───── Dataset excerpts ─────

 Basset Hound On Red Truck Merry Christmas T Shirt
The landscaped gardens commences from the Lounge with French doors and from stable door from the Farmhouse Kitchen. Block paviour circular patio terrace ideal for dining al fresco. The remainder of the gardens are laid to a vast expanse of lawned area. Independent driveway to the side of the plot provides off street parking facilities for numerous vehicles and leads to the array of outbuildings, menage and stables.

─────
───── Dataset excerpts ─────

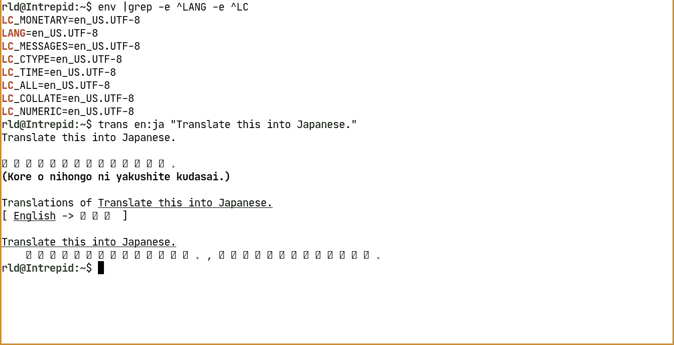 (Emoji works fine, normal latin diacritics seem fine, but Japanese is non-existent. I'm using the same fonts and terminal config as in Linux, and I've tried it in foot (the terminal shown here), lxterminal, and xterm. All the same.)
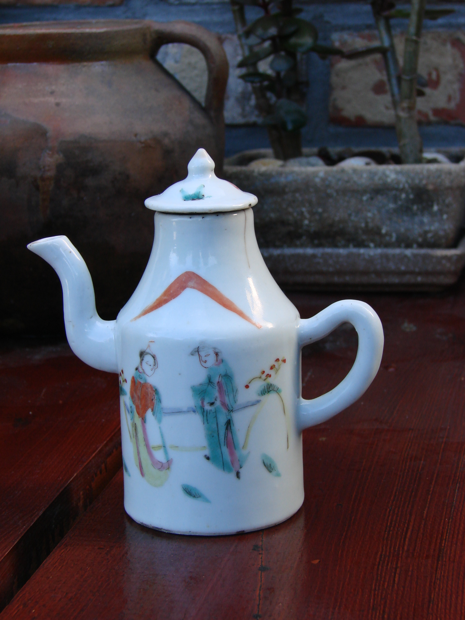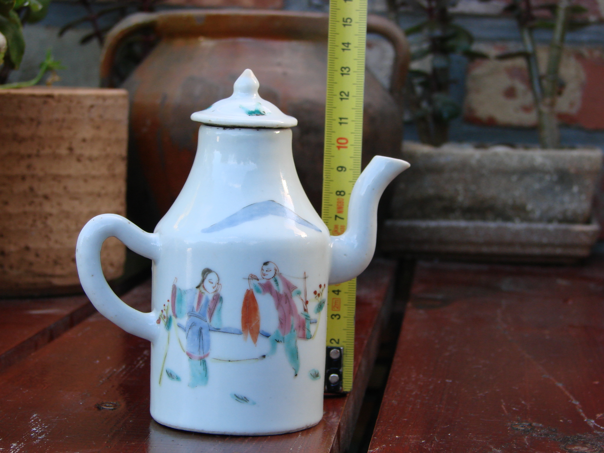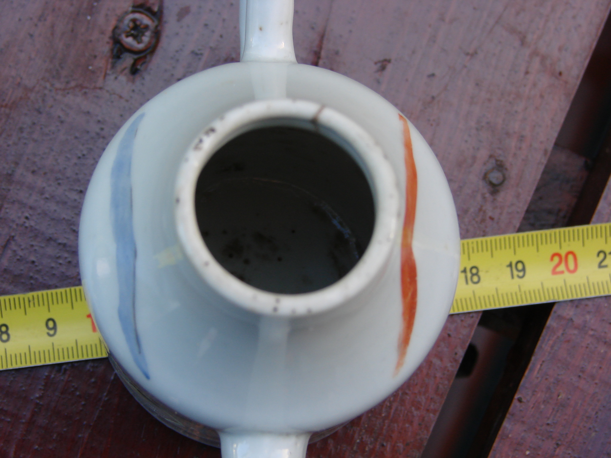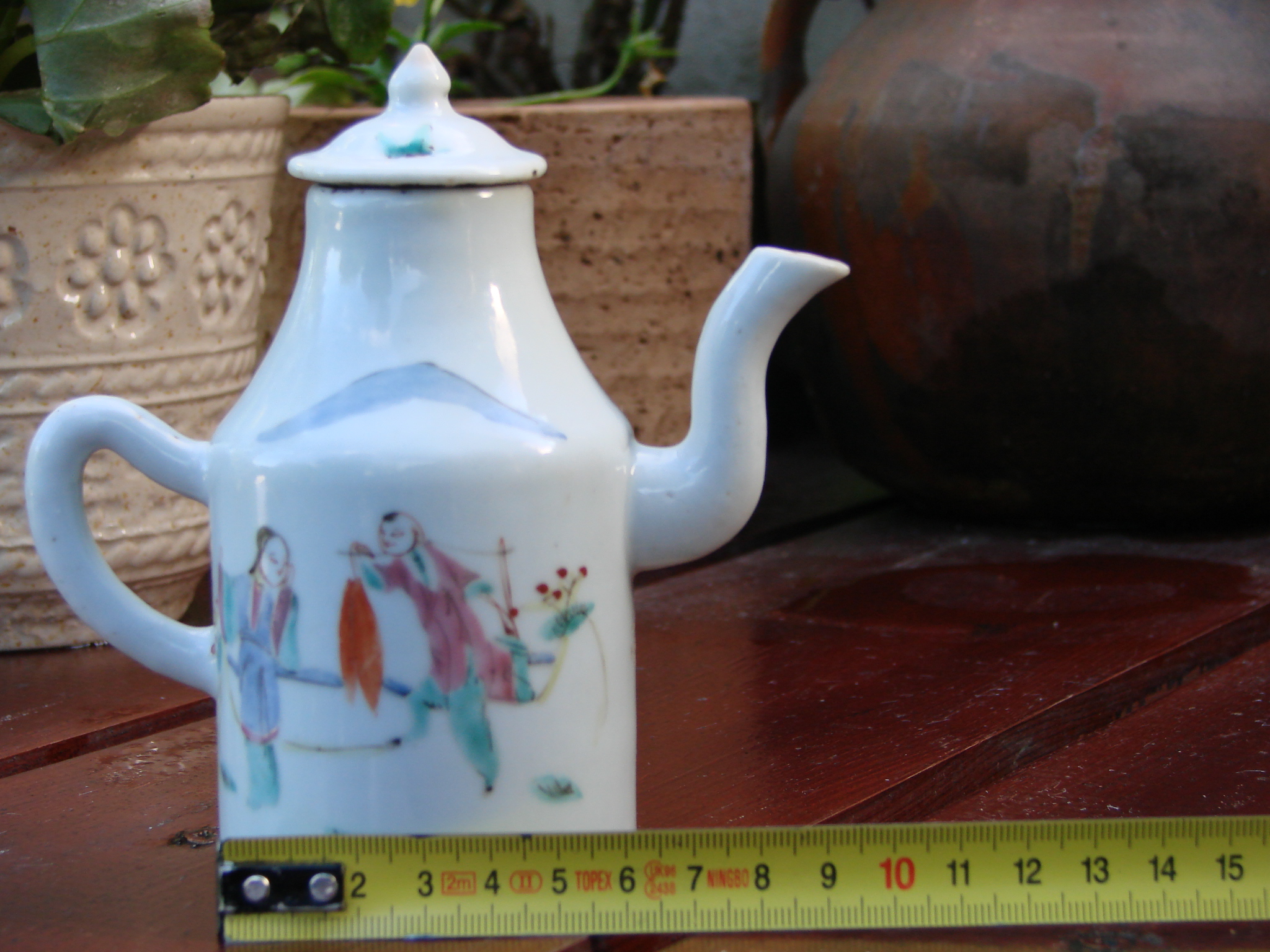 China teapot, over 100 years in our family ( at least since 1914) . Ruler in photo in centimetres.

─────
───── Dataset excerpts ─────

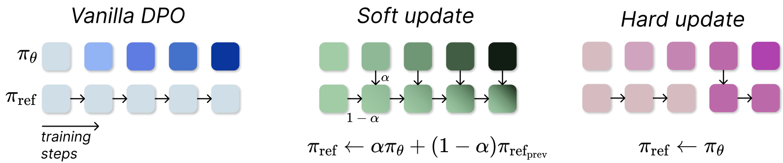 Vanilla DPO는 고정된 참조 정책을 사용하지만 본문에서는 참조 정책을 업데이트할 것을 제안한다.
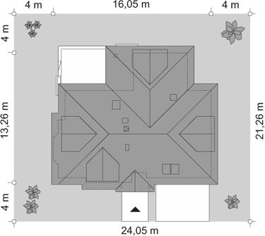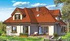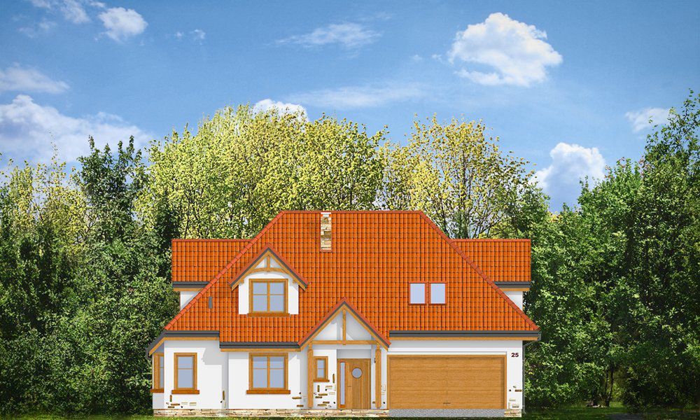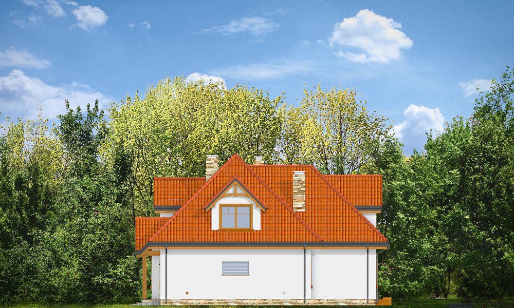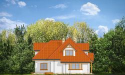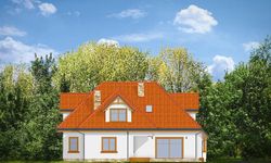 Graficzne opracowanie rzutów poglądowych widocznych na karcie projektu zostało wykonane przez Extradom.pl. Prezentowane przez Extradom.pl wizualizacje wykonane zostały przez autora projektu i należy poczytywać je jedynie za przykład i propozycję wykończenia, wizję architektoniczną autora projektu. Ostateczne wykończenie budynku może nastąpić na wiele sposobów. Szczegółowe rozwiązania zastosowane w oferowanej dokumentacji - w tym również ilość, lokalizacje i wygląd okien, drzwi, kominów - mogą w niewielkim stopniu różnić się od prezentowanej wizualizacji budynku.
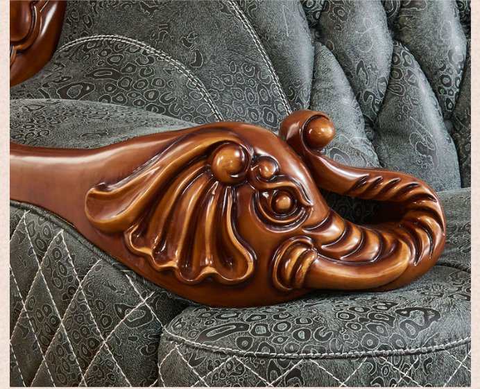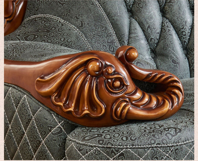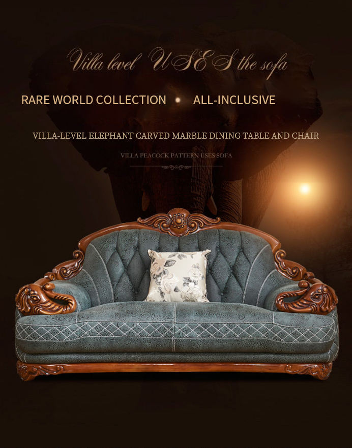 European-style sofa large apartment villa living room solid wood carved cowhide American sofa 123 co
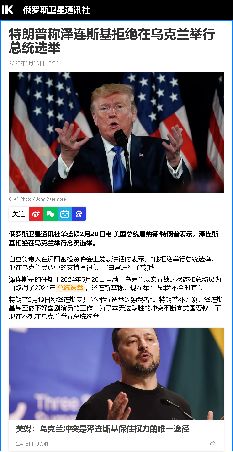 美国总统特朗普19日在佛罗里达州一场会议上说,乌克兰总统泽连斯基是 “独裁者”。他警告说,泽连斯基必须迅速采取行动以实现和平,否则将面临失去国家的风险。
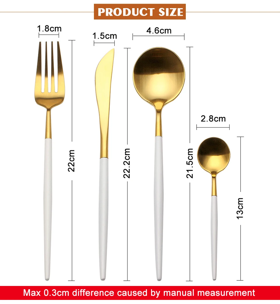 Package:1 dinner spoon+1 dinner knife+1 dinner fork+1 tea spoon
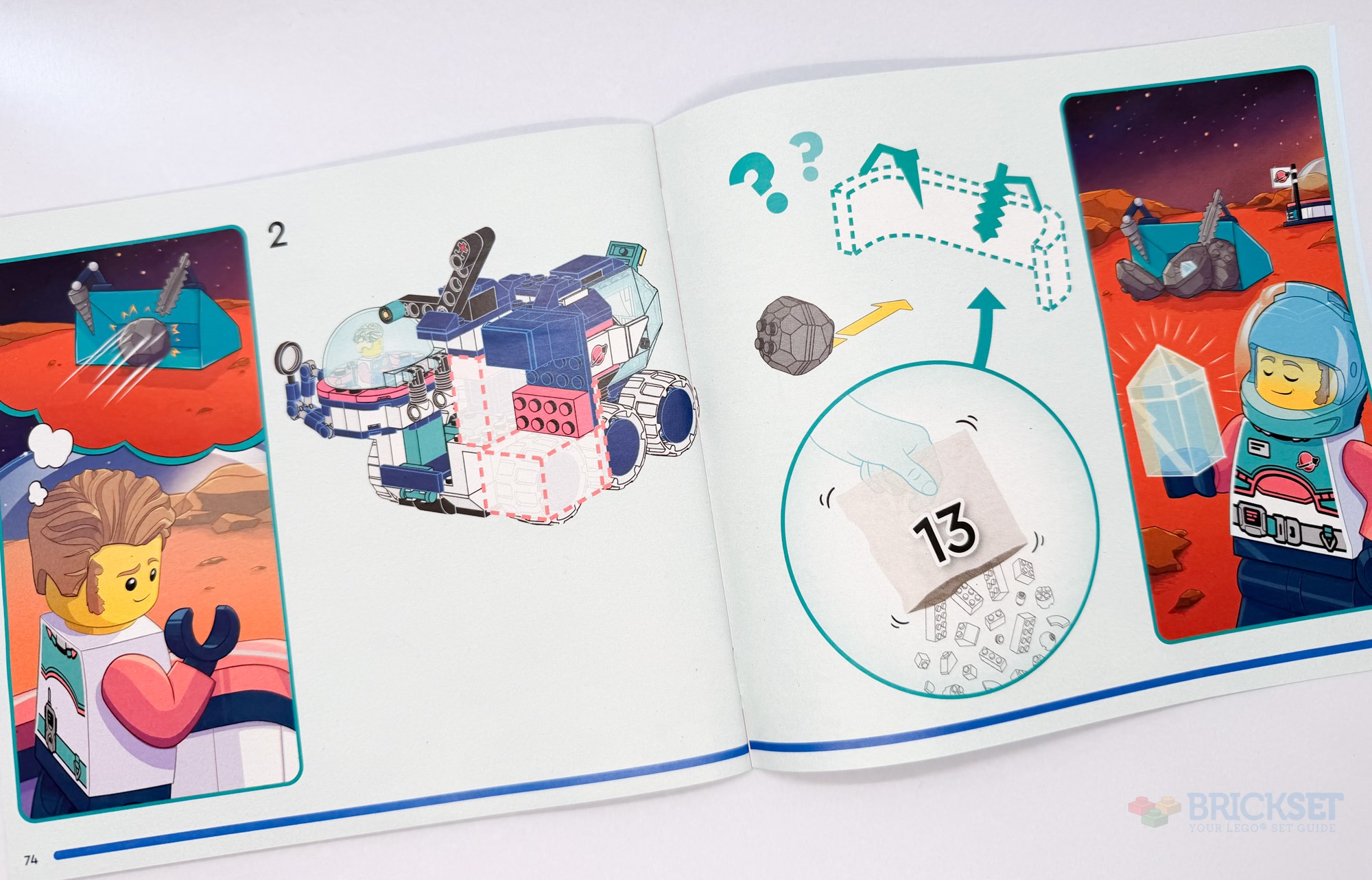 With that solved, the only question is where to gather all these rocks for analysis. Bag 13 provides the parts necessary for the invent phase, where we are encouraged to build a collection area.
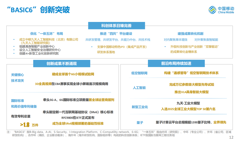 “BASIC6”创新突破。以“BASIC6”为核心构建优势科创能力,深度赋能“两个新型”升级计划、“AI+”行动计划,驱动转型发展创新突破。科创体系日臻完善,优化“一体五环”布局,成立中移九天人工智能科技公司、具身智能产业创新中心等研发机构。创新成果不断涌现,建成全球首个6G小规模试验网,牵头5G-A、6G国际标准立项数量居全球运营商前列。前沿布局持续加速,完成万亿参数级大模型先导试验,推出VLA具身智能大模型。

─────

Problem details: An exact copy of the lines above from the one with "Vanilla DPO는 고정된" up to and including the one with "Graficzne opracowanie rzutów" is required; reproduce only those lines, omitting all pictures.

Response:
 Vanilla DPO는 고정된 참조 정책을 사용하지만 본문에서는 참조 정책을 업데이트할 것을 제안한다.
 Graficzne opracowanie rzutów poglądowych widocznych na karcie projektu zostało wykonane przez Extradom.pl. Prezentowane przez Extradom.pl wizualizacje wykonane zostały przez autora projektu i należy poczytywać je jedynie za przykład i propozycję wykończenia, wizję architektoniczną autora projektu. Ostateczne wykończenie budynku może nastąpić na wiele sposobów. Szczegółowe rozwiązania zastosowane w oferowanej dokumentacji - w tym również ilość, lokalizacje i wygląd okien, drzwi, kominów - mogą w niewielkim stopniu różnić się od prezentowanej wizualizacji budynku.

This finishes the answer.